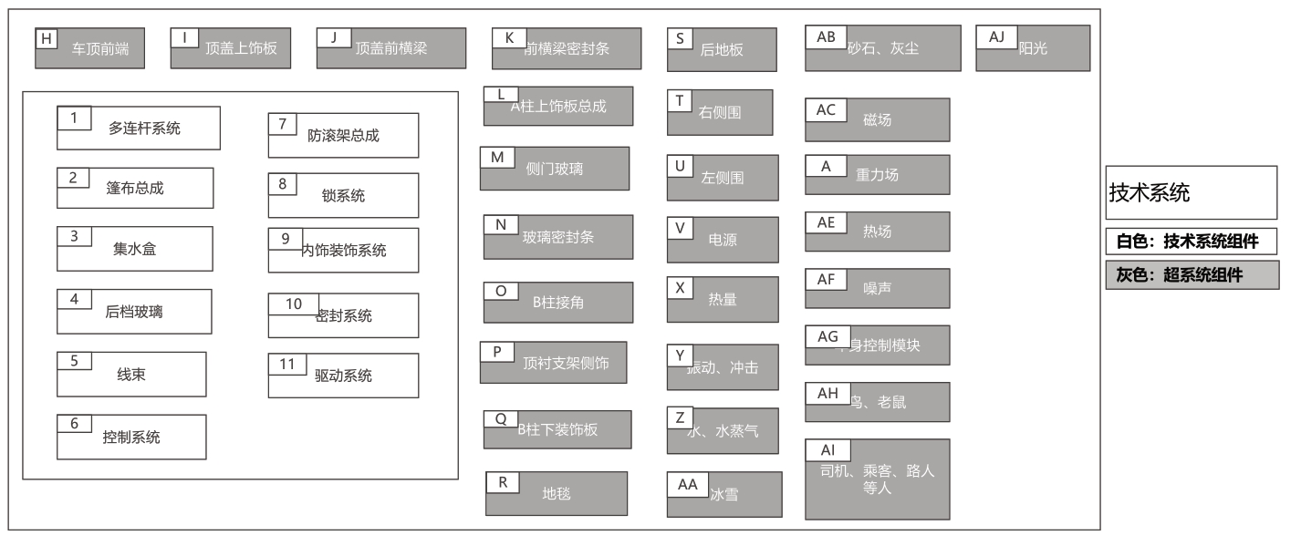 通过系统框图分析,确定软顶系统的具体研究对象和整个系统边界[3]。先将多连杆系统、篷布系统、集水盒、后挡玻璃、线束、控制模块、防滚架总成等定义为技术系统,为研究对象。然后将与软顶系统有关联的定义为超系统组件,如:车顶前端、顶盖上饰板、顶盖前横梁、前横梁密封条、A柱上饰板、侧门玻璃、玻璃密封条、B柱接角、顶衬支架侧饰板、B柱下饰板、地毯、后地板、左侧围、右侧围、阳光、水、风、冰雹、砂石、灰尘等(如图6)。
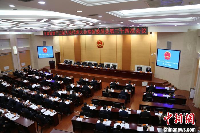 11月22至25日,甘肅省第十三屆人大常委會(huì)第三十四次會(huì)議在蘭州召開(kāi)。圖為會(huì)議開(kāi)幕式現(xiàn)場(chǎng)?!■亩盼蹶俊z
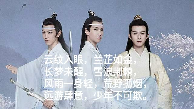 “云纹入眼,兰芷如金,长梦未醒,雪浪荆棘,风雨一身轻,荒野孤烟,远游肆意,少年不可欺。”
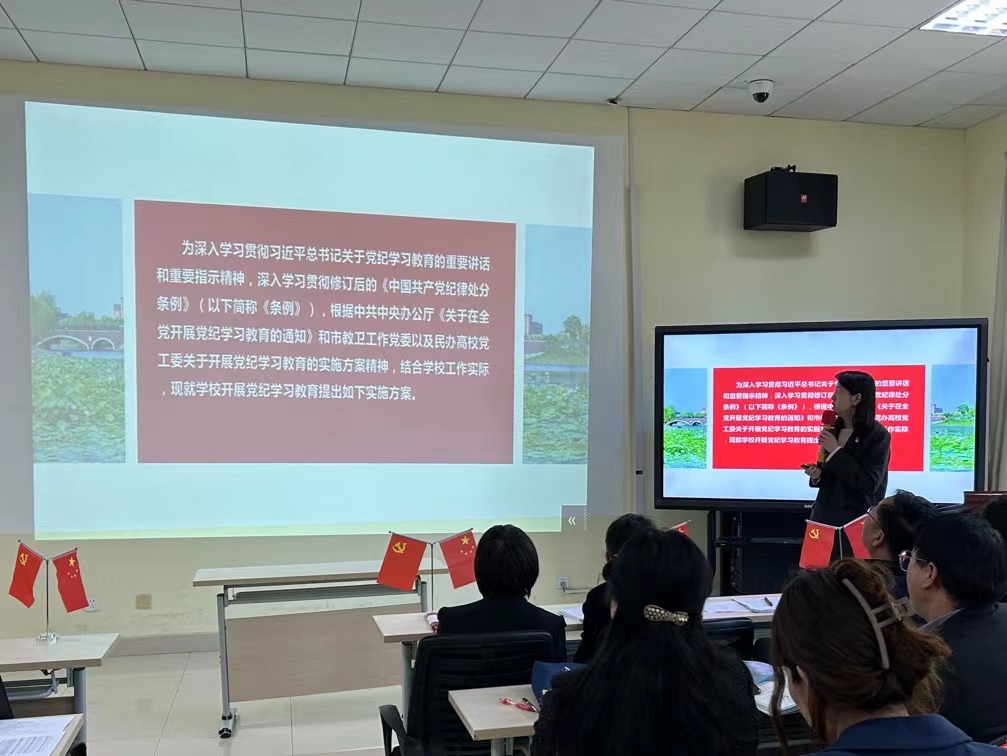 会上,杜鹃书记带领学习了习近平总书记关于党纪学习教育的重要讲话和重要指示批示精神、中央党的建设工作领导小组会议精神和中共中央办公厅《关于在全党开展党纪学习教育的通知》精神,传达了学校关于党纪学习教育的工作要求。
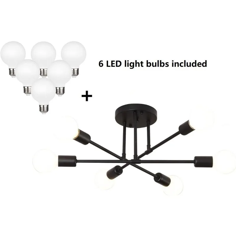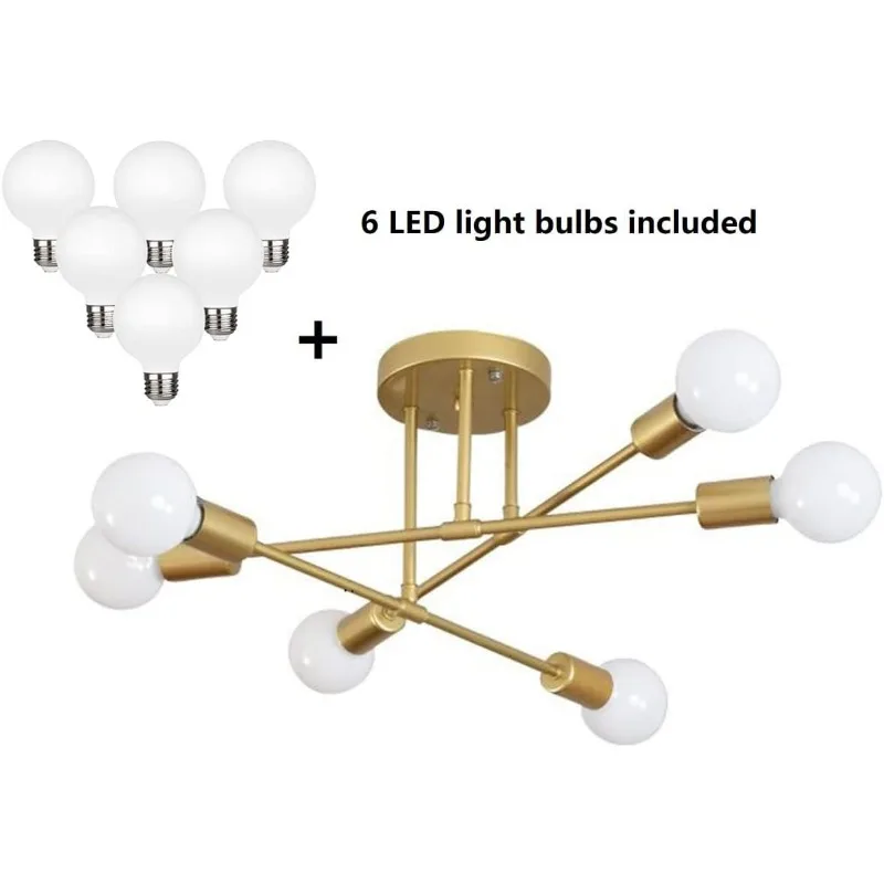 Dellemade Modern Sputnik Chandelier, 6-Light Ceiling Light, 6 LED Light Bulbs Included(Black/Gold)optional
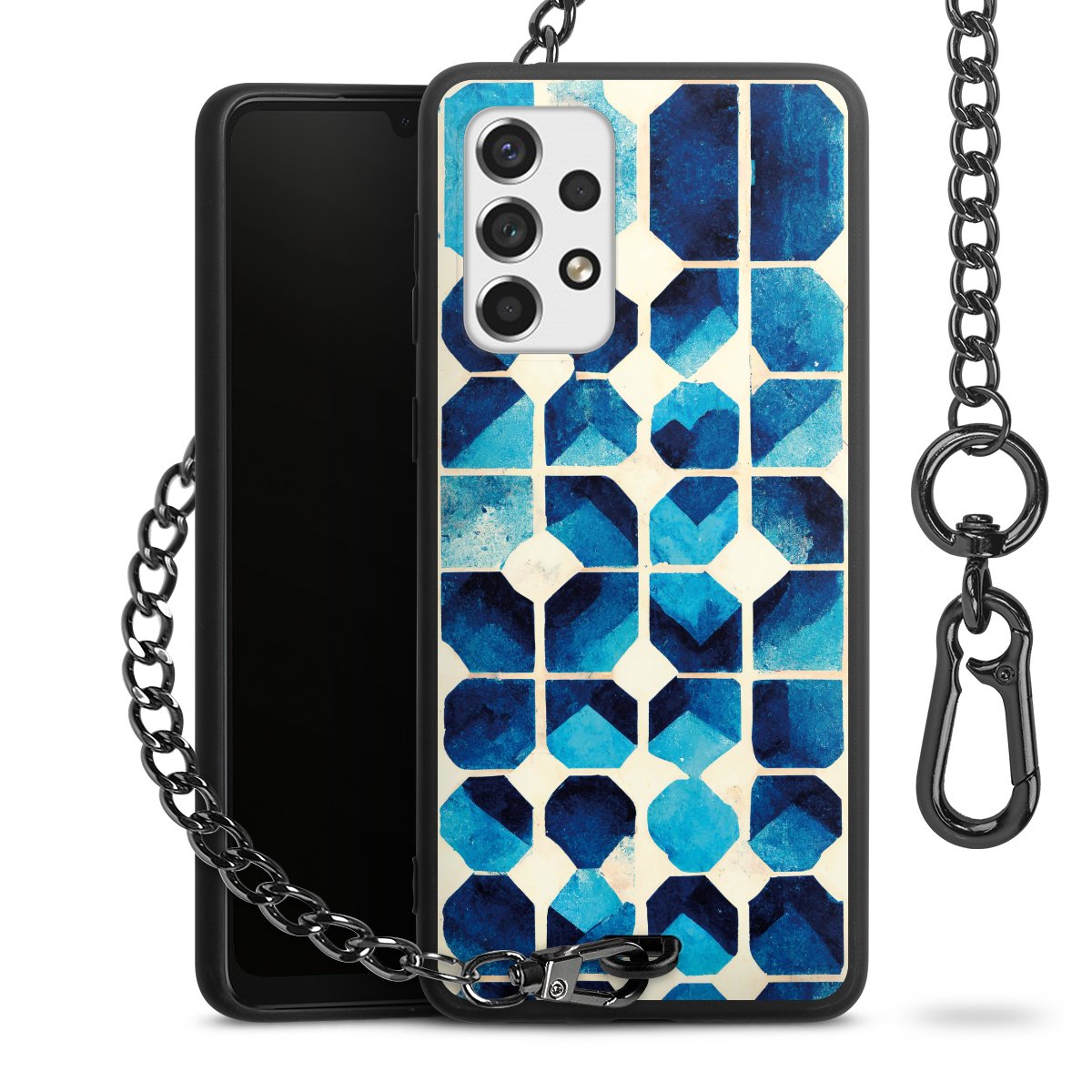 • Mattschwarze Handyhülle mit Metallkette
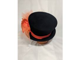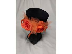 Black velour felt hand blocked men's or women's top hat. Decorated with orange chiffon band, large orange flowers, orange netting and natural orange dyed dried flowers.
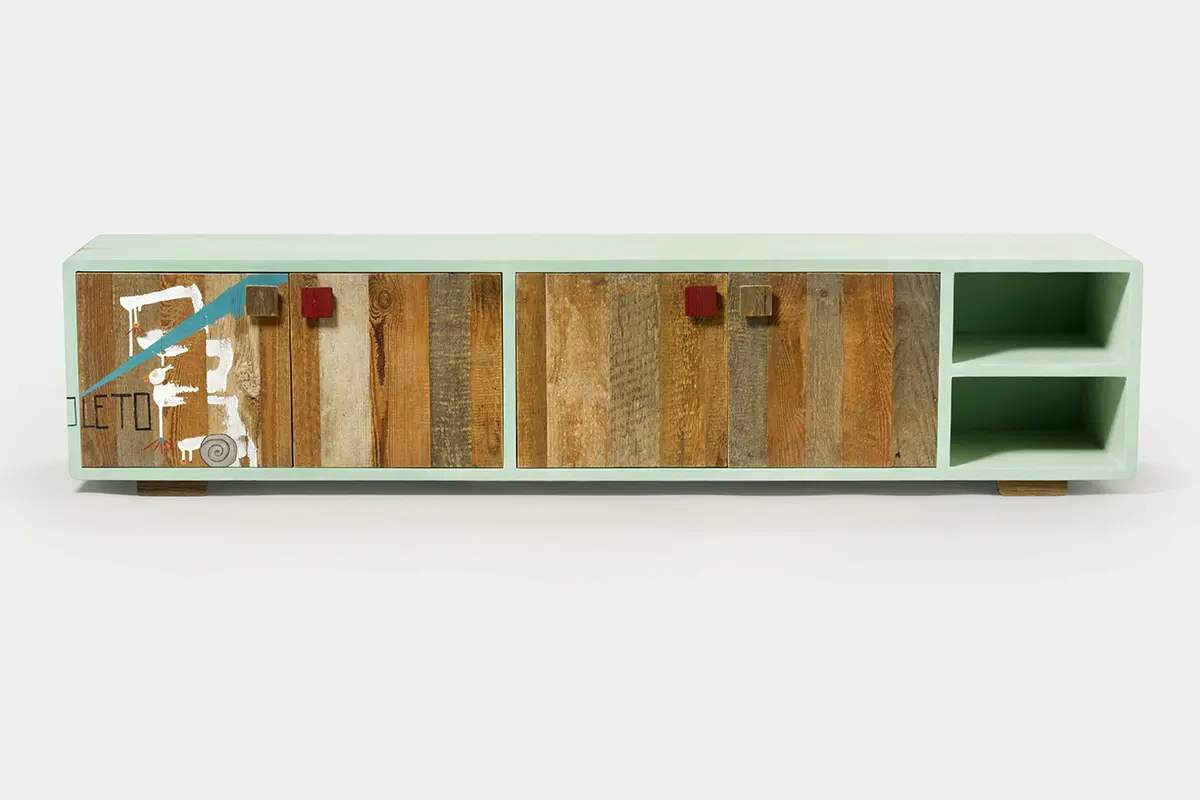 L’utilizzo di materiali di recupero non solo riduce l’impatto ambientale, ma contribuisce anche a dare carattere e unicità al mobile. Ogni pezzo presenta imperfezioni naturali del legno, che diventano parte integrante del suo fascino.

○ ○ ○

#### Prompt
From the first line to the last, output the records exactly without pictures.

#### Problem solution
 通过系统框图分析,确定软顶系统的具体研究对象和整个系统边界[3]。先将多连杆系统、篷布系统、集水盒、后挡玻璃、线束、控制模块、防滚架总成等定义为技术系统,为研究对象。然后将与软顶系统有关联的定义为超系统组件,如:车顶前端、顶盖上饰板、顶盖前横梁、前横梁密封条、A柱上饰板、侧门玻璃、玻璃密封条、B柱接角、顶衬支架侧饰板、B柱下饰板、地毯、后地板、左侧围、右侧围、阳光、水、风、冰雹、砂石、灰尘等(如图6)。
 11月22至25日,甘肅省第十三屆人大常委會(huì)第三十四次會(huì)議在蘭州召開(kāi)。圖為會(huì)議開(kāi)幕式現(xiàn)場(chǎng)?!■亩盼蹶俊z
 “云纹入眼,兰芷如金,长梦未醒,雪浪荆棘,风雨一身轻,荒野孤烟,远游肆意,少年不可欺。”
 会上,杜鹃书记带领学习了习近平总书记关于党纪学习教育的重要讲话和重要指示批示精神、中央党的建设工作领导小组会议精神和中共中央办公厅《关于在全党开展党纪学习教育的通知》精神,传达了学校关于党纪学习教育的工作要求。
 Dellemade Modern Sputnik Chandelier, 6-Light Ceiling Light, 6 LED Light Bulbs Included(Black/Gold)optional
 • Mattschwarze Handyhülle mit Metallkette
 Black velour felt hand blocked men's or women's top hat. Decorated with orange chiffon band, large orange flowers, orange netting and natural orange dyed dried flowers.
 L’utilizzo di materiali di recupero non solo riduce l’impatto ambientale, ma contribuisce anche a dare carattere e unicità al mobile. Ogni pezzo presenta imperfezioni naturali del legno, che diventano parte integrante del suo fascino.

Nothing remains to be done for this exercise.